Sign up for RunPod to deploy this workflow in the cloud with GPU support and custom containers.
Preparing the Model and Environment
Getting the model: StarCoder2’s weights are hosted on Hugging Face. You’ll need to download the model (for example, the 15B variant) and have it accessible in your environment. Since the model is large (the 15B version is around 32 GB in memory at float16 precision), using a GPU with sufficient VRAM is important. You might start with the 7B model if you have a smaller GPU, as it will require roughly half the memory of the 15B.

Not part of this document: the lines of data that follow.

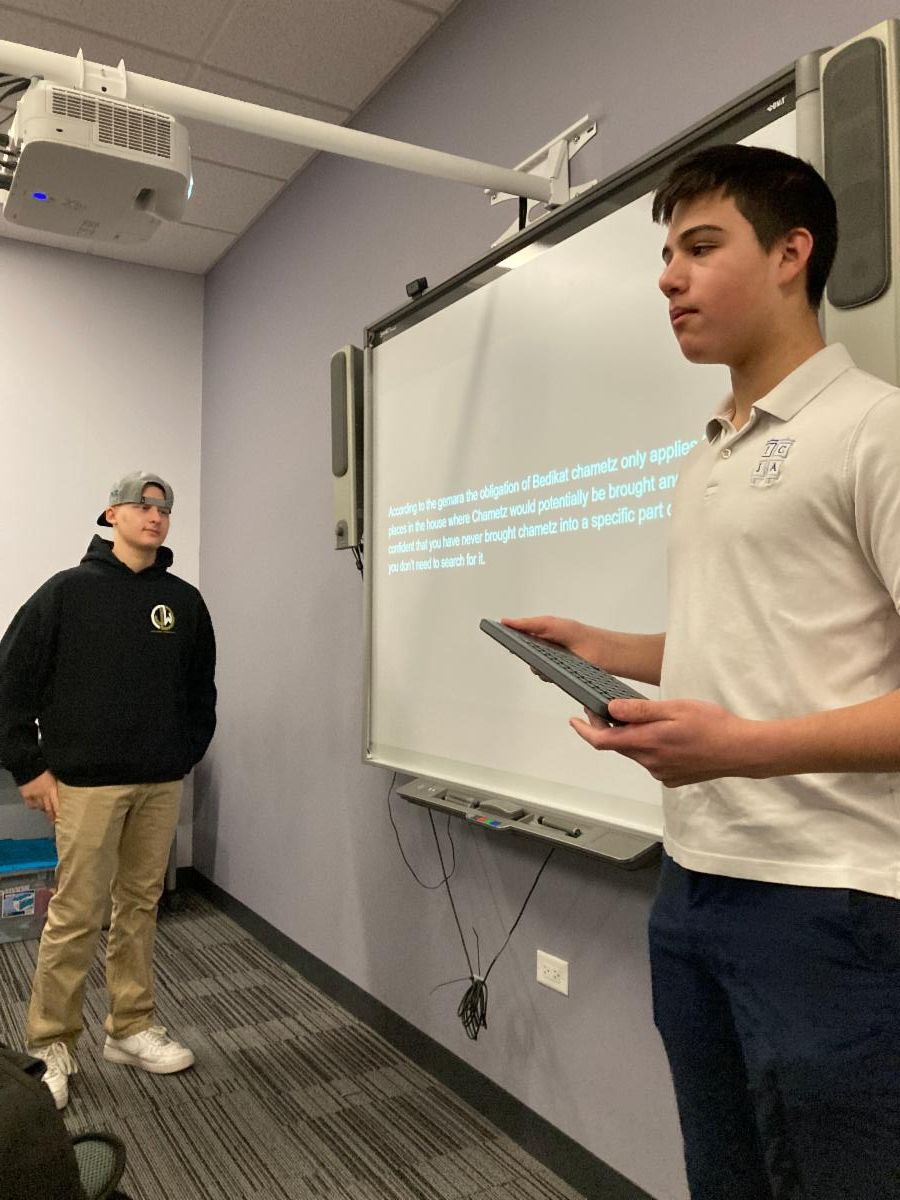 This week, freshmen in Rabbi Zev Drutman's Talmud class researched the halachot of Bedikat Chametz using the new ICJA halacha curriculum source books "Tzurba," then took turns teaching the rest of the class what they'd learned. | |
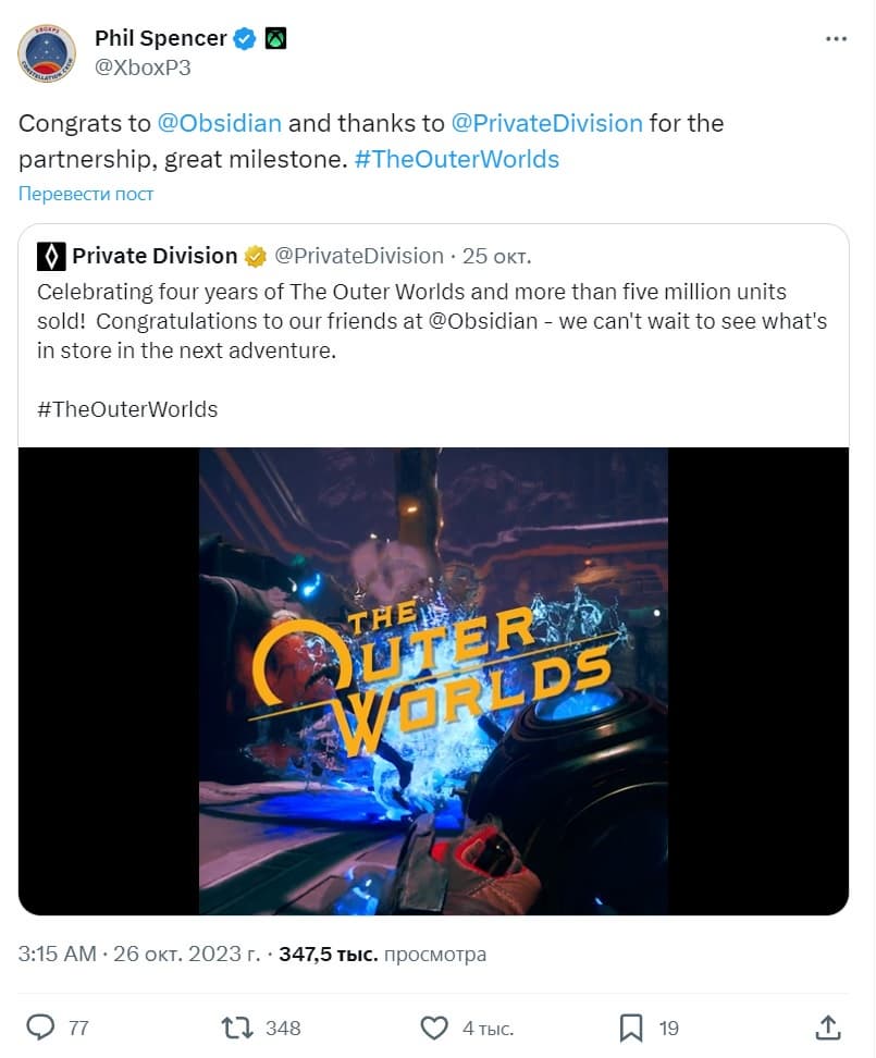 «Поздравляем Obsidian и благодарим Private Division за это сотрудничество, отличное достижение», - написал Фил Спенсер на сообщение издателя о реализации пяти миллионов копий The Outer Worlds.
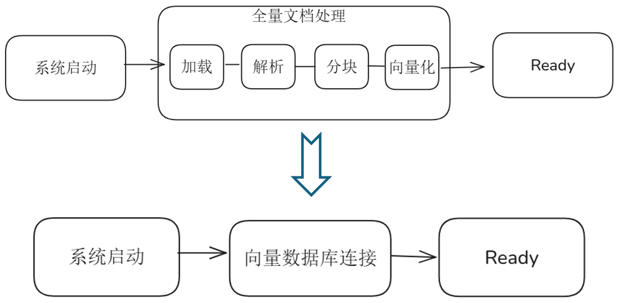 原先:系统启动-->全量文档加载(文档解析、分块、向量化)-->启动完毕

On RunPod, you can launch a GPU instance with high VRAM (for instance, an NVIDIA A100 40GB or an L40 with 48GB, depending on availability) for the 15B model. Alternatively, you can employ model optimizations:
-
8-bit or 4-bit loading: Using libraries like bitsandbytes, you can load the model in 8-bit or 4-bit precision, dramatically reducing memory usage. For example, the 15B model that uses ~32 GB in full precision can shrink to about 16 GB in 8-bit mode , and even around 9 GB in 4-bit mode. This lets you run StarCoder2-15B on a single 16 GB GPU (with 4-bit quantization) or a 24 GB GPU (with 8-bit precision).
-
Sharded loading: Hugging Face’s Transformers library can automatically shard a large model across GPUs if you have more than one available. However, in a cloud context, it’s often simpler and more cost-effective to use a single powerful GPU rather than multiple smaller GPUs.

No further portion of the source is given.